Do letters after a name mean anything?

Organizational chart

There’s an individual on the fringes of my life-not quite a friend or relative, but with enough mutual contacts that I regularly hear what she’s up to. Professionally speaking (and in other ways), she’s a mess. A study in poor planning and decision-making, she’s probably had, lost, or prematurely left, half a dozen jobs in 2019 alone.

And yet: While I haven’t personally looked over her resume, if even a bit of effort was invested in the thing, she’s got the credentials for it to look worthy of any one of the jobs she’s had. Probably even better ones, job-market permitting. She’s got a graduate degree from a quality school, for instance, and a background of volunteer work. Probably some academic honors or awards. Meanwhile, any employer who likes her credentials and thus takes her on is hiring a ticking time-bomb of ineptitude and unreliability.

She’s far from the only one I’ve seen, although she is a more blatant example than most. I’ve encountered folks from many walks of life with bundles of degrees, honorifics, and other feathers in their caps, all looking wonderful on paper who are absolute disasters in the positions they’ve managed to attain. And sometimes maintain, for years and years. I’d go so far as to say there are a shocking number of people out there who have no business working at the jobs they do.

All of which has gotten me good and cynical when I hear about these credentials. To me, even a PhD from a high-end university is no longer all that impressive on its own. It’s become clear to me that, in many fields, all you have to do is spend enough money (or accumulate enough debt) and commit enough time, and eventually you’ll have letters after your name that imply you’re to be taken seriously. The more abbreviated degrees and titles I see someone list after their name, the less impressed I get by their alphabet-soup. I recall that one of the worst radiologists I ever met placed great emphasis his status as an FABR, as opposed to us mere DABR commoners.

This also goes for previous work experience. It seems that, once one has made it into the executive world, one has the keys to washrooms everywhere. It doesn’t matter if one was CEO of a series of companies that all went under-given the choice between him and a bunch of capable folks who haven’t had a C-suite title yet, businesses will fall all over themselves to recruit the guy who’s been CEO before, however horribly he did in the post.

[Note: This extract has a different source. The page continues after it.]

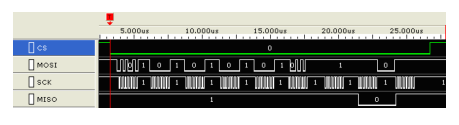 一般的示波器只有兩路通道輸入,對于需要多個通道輸入的測量(如常用的SPI、SSI、Microwire等)就顯得無能為力了,但邏輯分析儀一般都有16個通道以上的輸入,可以輕松應付多通道輸入的測量。SPI通訊通常由CS,SCK,SI,SO四個信號組成,SPI接口的芯片應用廣泛,有E2PROM,I/O擴展,復位芯片,USB接口等,在日常電子產品設計中使用非常廣泛。圖1.4為使用邏輯分析儀對SPI總線進行測量的結果。

Radiology group-leadership is evidently no exception. A guy in my neck of the woods has run a group whose MO is to gobble up hospital-contracts whenever possible, whether or not he has enough rads to provide adequate coverage. Then, he scrambles to recruit in order to be able to cover his commitments. Over a course of years, his group gets bigger and bigger-until one day it doesn’t quite manage to live up to expectation, and implodes. Then, months or years later, he does it all over-and the very same hospitals he previously failed to service contract with him again, rather than signing with a new group. It seems a bad track-record is preferable to no record at all.

Which brings me around to the other side of this coin: Worthwhile individuals don’t always have a great background on paper. This is just common sense, really; every truly-capable person, at some point, had not yet accomplished anything that could be written on a CV or resume. Within them, nevertheless, were seeds of greatness. Wouldn’t it be nice to start working with them so those seeds sprouted while they were on your team? And, of course, to make working with you a good enough experience that they were inclined to stick around, such that their rising star lifted the rest of the team with it?

Not long ago, I dealt with a radgroup that had done exactly this. Their Director of Operations had started out as something like a secretary, boasting only a high-school diploma. But she was reliable, industrious, and had good ideas. The leadership took note of this and soon promoted her.

They could have been hidebound about it, insisting that she get some degree or another first. Or dismissed out of hand the notion of promoting her, instead recruiting some outsider with a stronger resume. Many businesses would have-and likely as not would wind up with someone nowhere near as stellar as she turned out to be. Maybe even a ticking time-bomb, dressed up in impressive-sounding credentials.